Developmental delays and intellectual disabilities are common in children with 2q33.1 deletions and typically range from mild to severe. Speech and language problems are common, and some individuals are non-verbal. Behavioral problems may include hyperactivity, restlessness, tantrums, aggression, anxiety, sleep difficulties, and poor social interaction. Poor muscle tone (hypotonia) can contribute to delays in motor skills like learning to sit, walk, and grasp items. Feeding difficulties in infancy may occur due to poor control over the muscles in the mouth or a cleft or high, arch-shaped roof of the mouth (palate). Feeding may also be complicated by an increased frequency of gastro-esophageal reflux. Other, less common, medical problems can include genital or urinary system problems, seizures, hernias, slow growth, and eye/vision problems. Although facial features associated with the 2q33.1 deletion vary between individuals, most children have a distinctive appearance characterized by thin and sparse hair, a long face with a small lower jaw, a high forehead, a prominent nose, downward-slanted eye openings, and a small mouth. Some individuals have small hands with long and thin fingers, short thumbs, and the fifth (“pinky”) finger curved inward.

http://www.rarechromo.org/information/Chromosome%20%202/2q33.1%20deletions%20and%20other%20deletions%20between%202q31%20and%202q33%20FTNW.pdf

 


2q37 deletion

Developmental delays and intellectual disabilities are common in children with 2q37 deletions and typically range from mild to moderate. Speech delays and language problems are present in most children. Behavioral problems are also common, affecting about one third of individuals with 2q37 deletions. Poor muscle tone (hypotonia) can contribute to delays in motor skills like learning to sit, walk, and grasp items.  Feeding difficulties in infancy may occur due to poor control over the muscles in the mouth or a cleft or high, arch-shaped roof of the mouth (palate). Feeding is also complicated by an increased frequency of gastro-esophageal reflux. While birth weights tend to be normal, it is common after birth for growth to be slow and result in short stature. Other medical problems can include hernias (both umbilical and inguinal types), curving of the spine (scoliosis), kidney problems, urinary infections, and obesity.  Less frequently, congenital heart problems, genital abnormalities in males, hearing loss, and vision problems can occur.  Although facial features assoicated with the 2q37 deletion vary between individuals, most children have distinctive appearance characterized by a prominent forehead, arched eyebrows, deep-set eyes, a distinctive nose, and a thin upper lip.

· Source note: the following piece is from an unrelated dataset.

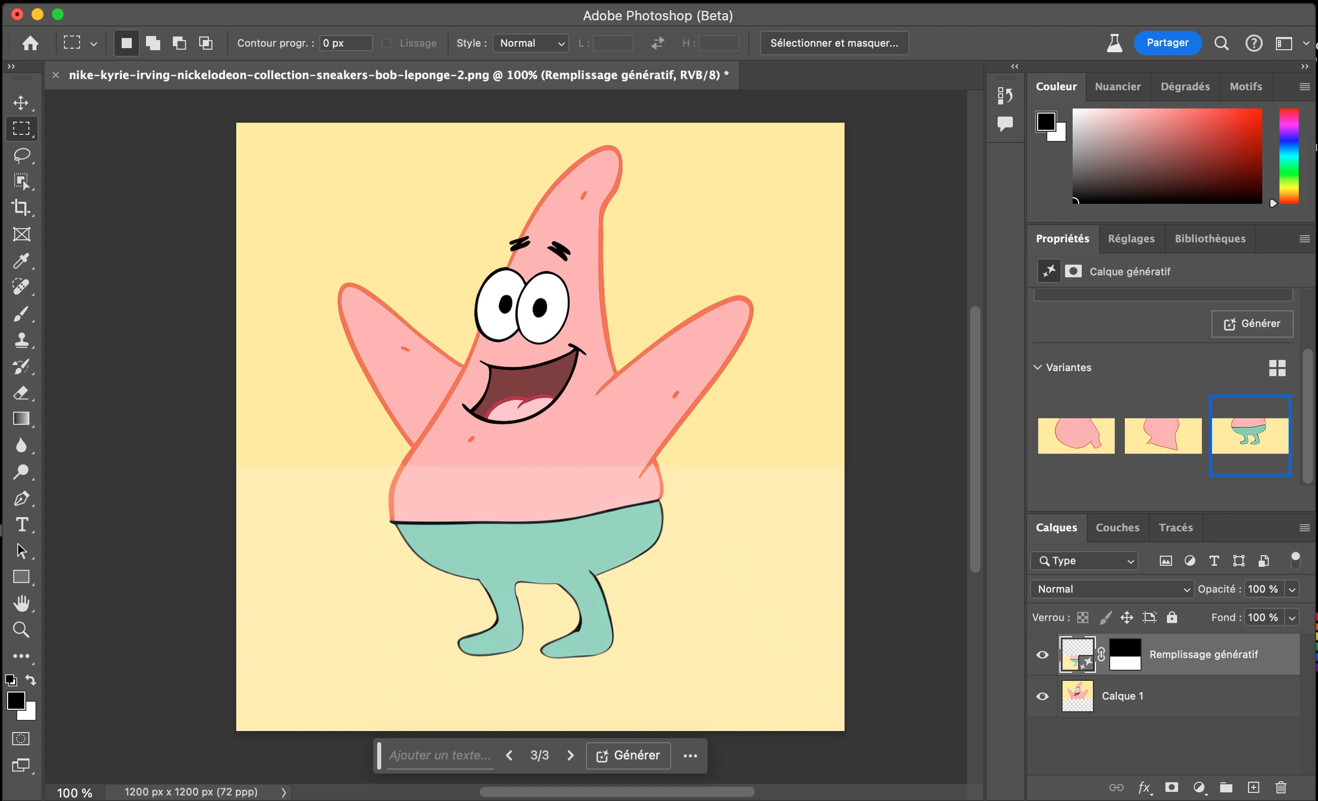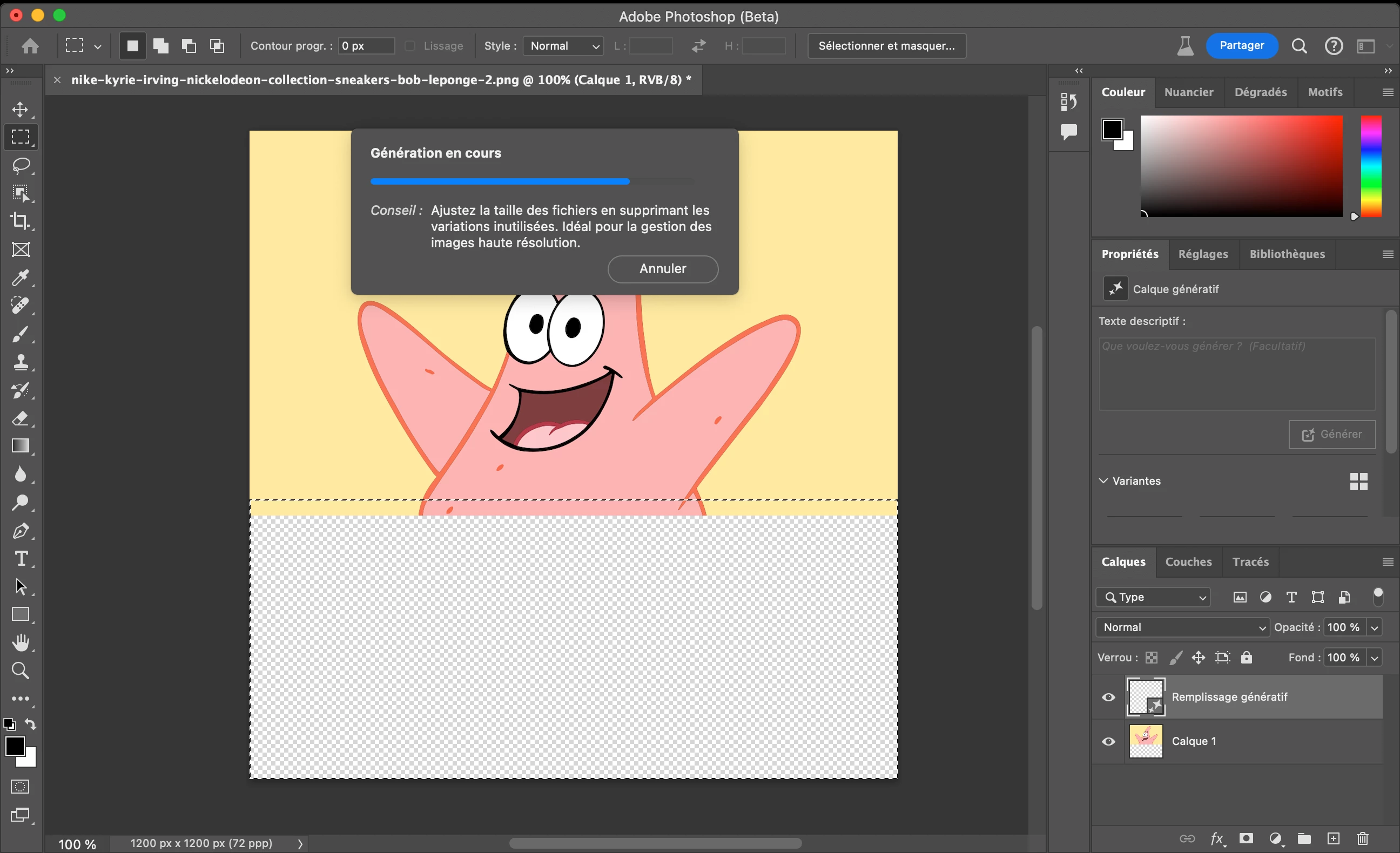 Problème récurrent avec Photoshop Beta : différence de couleur avec utilisation du remplissage génér

http://www.rarechromo.org/information/Chromosome%20%202/2q37%20deletion%20syndrome%20FTNP.pdf

http://www.ncbi.nlm.nih.gov/books/NBK1158/

http://omim.org/entry/600430?search=2q37&highlight=2q37

https://ghr.nlm.nih.gov/condition/2q37-deletion-syndrome

 


3q29 deletion

Developmental delays and learning disabilities are common in children with 3q29 deletions and are typically in the mild range. Mild speech and language problems are the most common developmental concern. Learning difficulties may be subtle and IQ scores range from 70 to 89 for most individuals. Behavioral and psychiatric problems can occur, such as anxiety disorder, hyperactivity, aggression, autistic features, bipolar disorder, schizophrenia, and other mental health problems. The 3q29 deletion is associated with an increased likelihood for difficulties with social skills and communication. Most individuals are healthy, although congenital heart problems and curving of the spine (scoliosis) can occur. Although facial features associated with the 3q29 deletion vary between individuals and most individuals look like their other family members, some subtle, shared characteristics can include small head size (microcephaly), a long and narrow face, a high nasal bridge, large ears, and facial asymmetry. Some individuals have long curved fingers and a shortened fifth (“pinky”) finger.

http://www.ncbi.nlm.nih.gov/pmc/articles/PMC1226188/

http://www.rarechromo.org/information/Chromosome%20%203/3q29%20deletions%20and%20microdeletions%20FTNW.pdf

http://omim.org/entry/609425

https://ghr.nlm.nih.gov/condition/3q29-microdeletion-syndrome

 


4pter deletion (Wolf-Hirschhorn syndrome)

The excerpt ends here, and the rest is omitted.